Thursday, March 22, 2007

Phone numbers

It just occurred to me that I've lost the ability to remember phone numbers. I've also forgotten the vast number of numbers I once committed to memory.

Fortunately, I can still remember my family's home number. My family has been using the same number since before I was born. I can also remember my best friends' phone numbers, at least my best friends in high school, but we're talking about just 4 numbers here. And of these 4 friends, only 1 (an ex-girlfriend) is still living in Vancouver, but at least the others' parents still use these numbers.



Whose number is this? Oh... damn you, Tommy Tutone!

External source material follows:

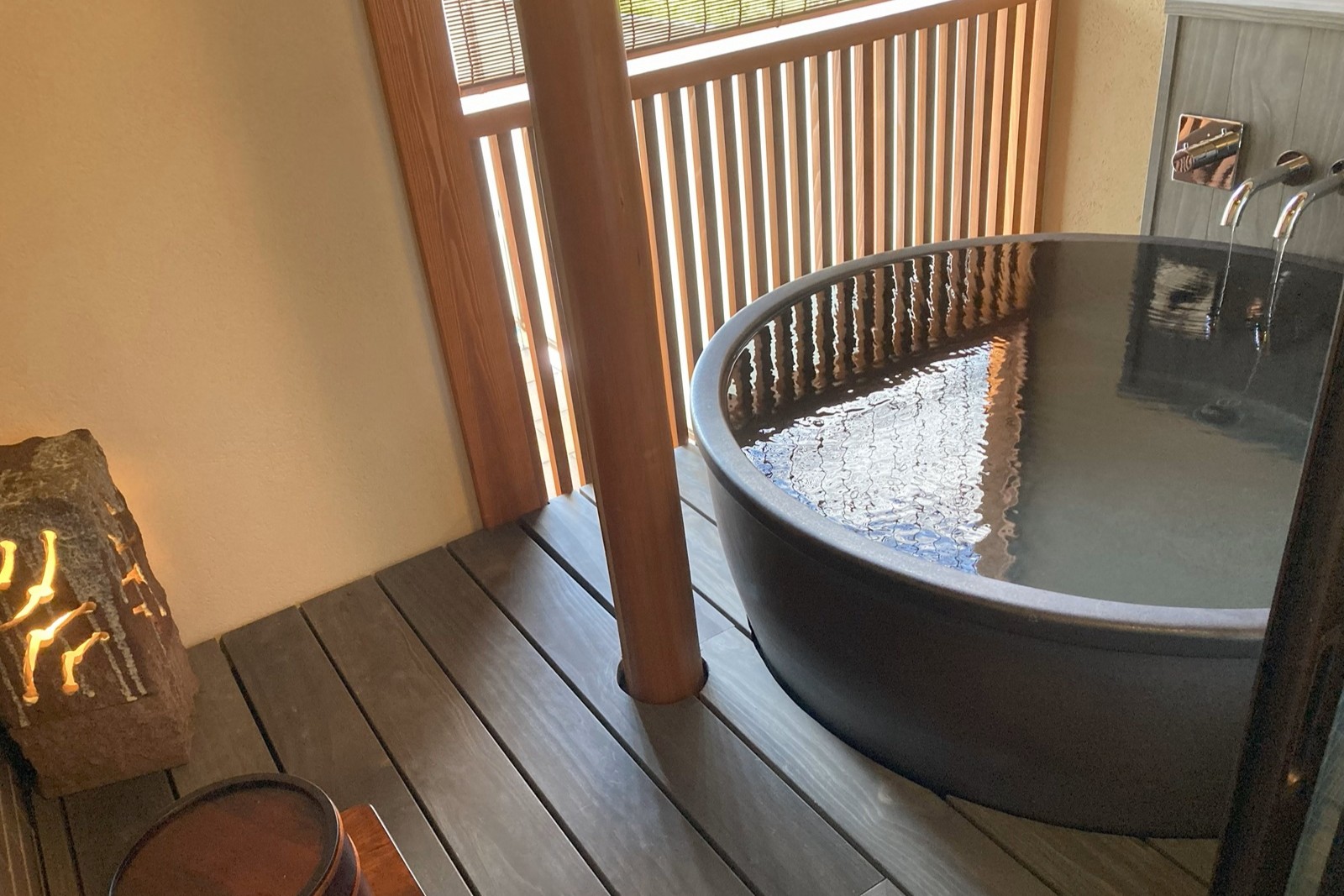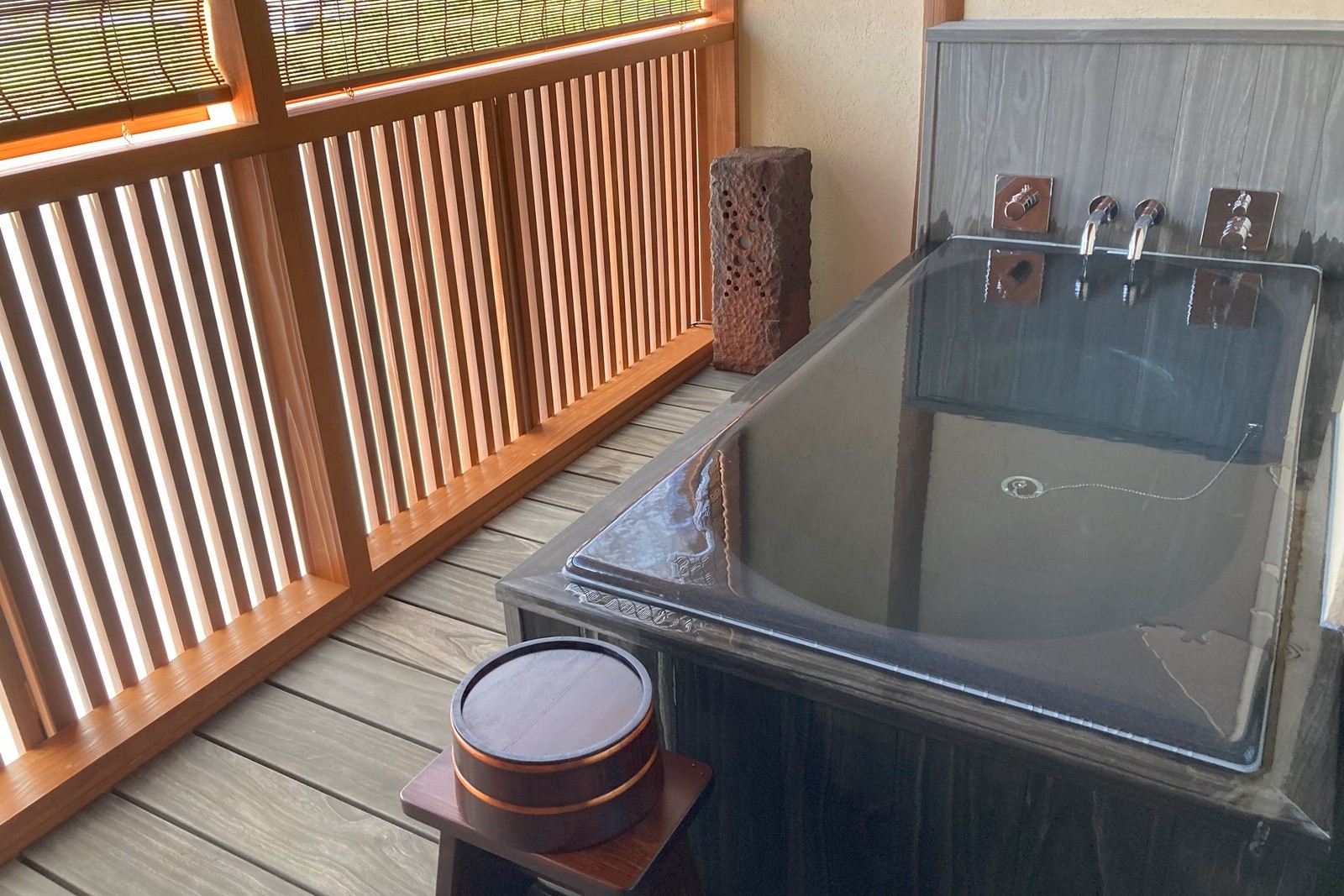 島根県の温泉旅館「玉峰山荘」の特別客室では、源泉掛け流しの半露天風呂エリアに アコヤグレーが採用されています。落ち着いたグレーの色合いが湯けむりの空間をやさしく包み込み、木と湯、そして自然が織りなす静かな調和を引き立てています。

Of all of the phone numbers I've had in the last few years (I've had around 10), I can only remember one: my mobile phone (or "cell", as we call them in North America) number in Beijing. I can't remember the mobile phone numbers I had in Taipei and Vancouver or the land line I had in Beijing. I can't remember any of my office numbers either. In fact, I haven't even memorized my current office number, but perhaps that's because I'm never there. Well, at least I can remember my current home and mobile phone numbers.

In Hong Kong, there are people I call regularly, but mobile phone rates here are so cheap - I get 2000 anytime minutes a month for $95 HKD, less than $15 CAD - that I usually just call them with my mobile phone. And the person I talk to (or perhaps talkED to) most often lives in the same building as me, so I just have to dial her 4-digit extension number.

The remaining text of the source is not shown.